> [WHAT NEEDS TO BE DONE]: Output only the lines below from the one holding "比如下图中,一件粉色无袖连衣" down to the one holding "First I ran", both end lines included and every picture dropped.

> [ENTRIES SHOWN]:
============================================================
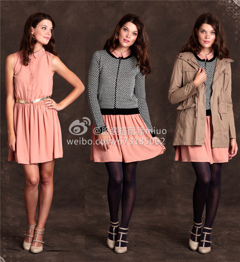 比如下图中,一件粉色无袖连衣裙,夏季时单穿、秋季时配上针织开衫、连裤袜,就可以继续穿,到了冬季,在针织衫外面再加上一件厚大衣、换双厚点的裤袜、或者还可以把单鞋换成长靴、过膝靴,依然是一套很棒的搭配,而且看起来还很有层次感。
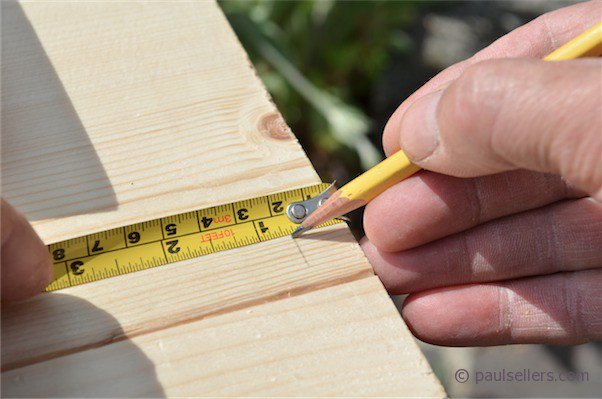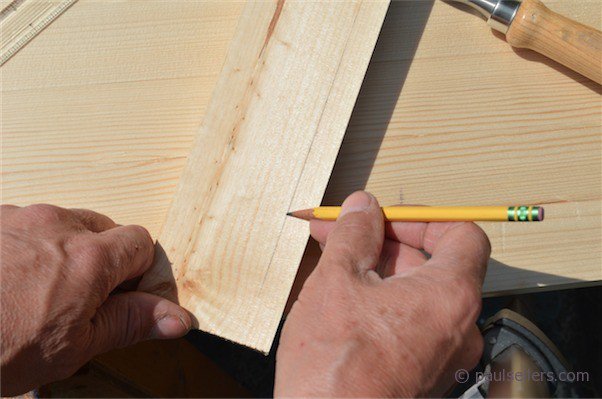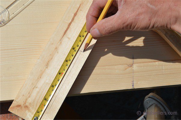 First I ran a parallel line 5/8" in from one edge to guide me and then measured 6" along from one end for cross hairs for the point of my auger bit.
============================================================
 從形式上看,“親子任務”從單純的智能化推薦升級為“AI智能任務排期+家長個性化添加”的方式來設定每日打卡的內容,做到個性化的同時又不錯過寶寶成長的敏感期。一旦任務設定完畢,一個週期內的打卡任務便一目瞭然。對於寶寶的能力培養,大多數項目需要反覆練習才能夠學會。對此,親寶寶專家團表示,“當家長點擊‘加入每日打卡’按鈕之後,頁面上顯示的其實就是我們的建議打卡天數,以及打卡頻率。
============================================================
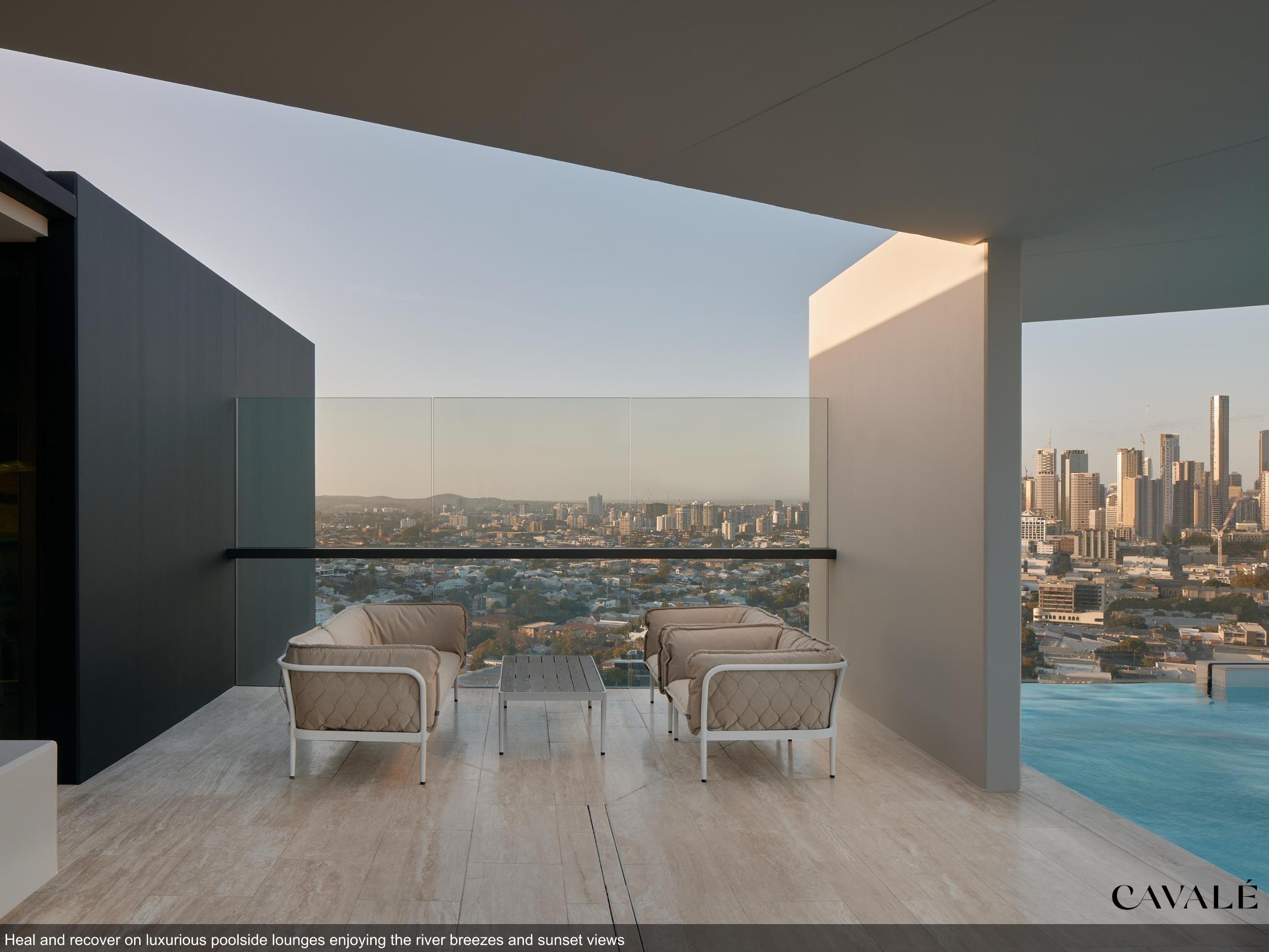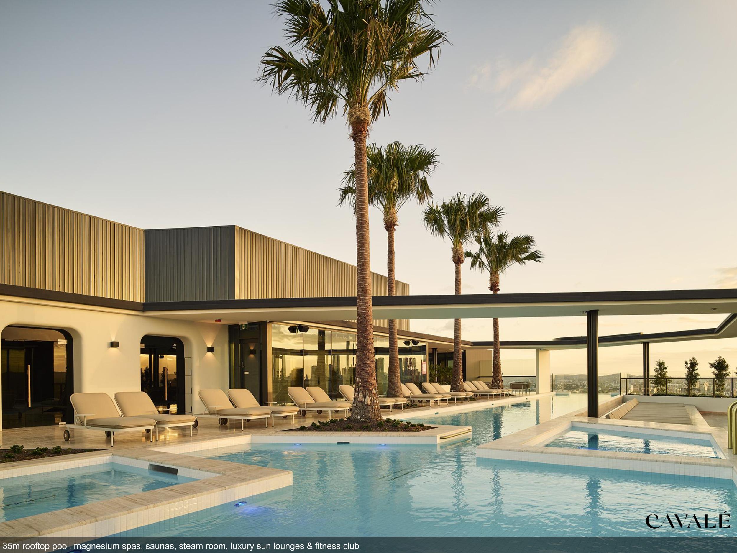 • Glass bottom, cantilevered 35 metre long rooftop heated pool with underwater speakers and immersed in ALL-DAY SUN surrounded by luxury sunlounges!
============================================================
> [EXERCISE SOLUTION]:
 比如下图中,一件粉色无袖连衣裙,夏季时单穿、秋季时配上针织开衫、连裤袜,就可以继续穿,到了冬季,在针织衫外面再加上一件厚大衣、换双厚点的裤袜、或者还可以把单鞋换成长靴、过膝靴,依然是一套很棒的搭配,而且看起来还很有层次感。
 First I ran a parallel line 5/8" in from one edge to guide me and then measured 6" along from one end for cross hairs for the point of my auger bit.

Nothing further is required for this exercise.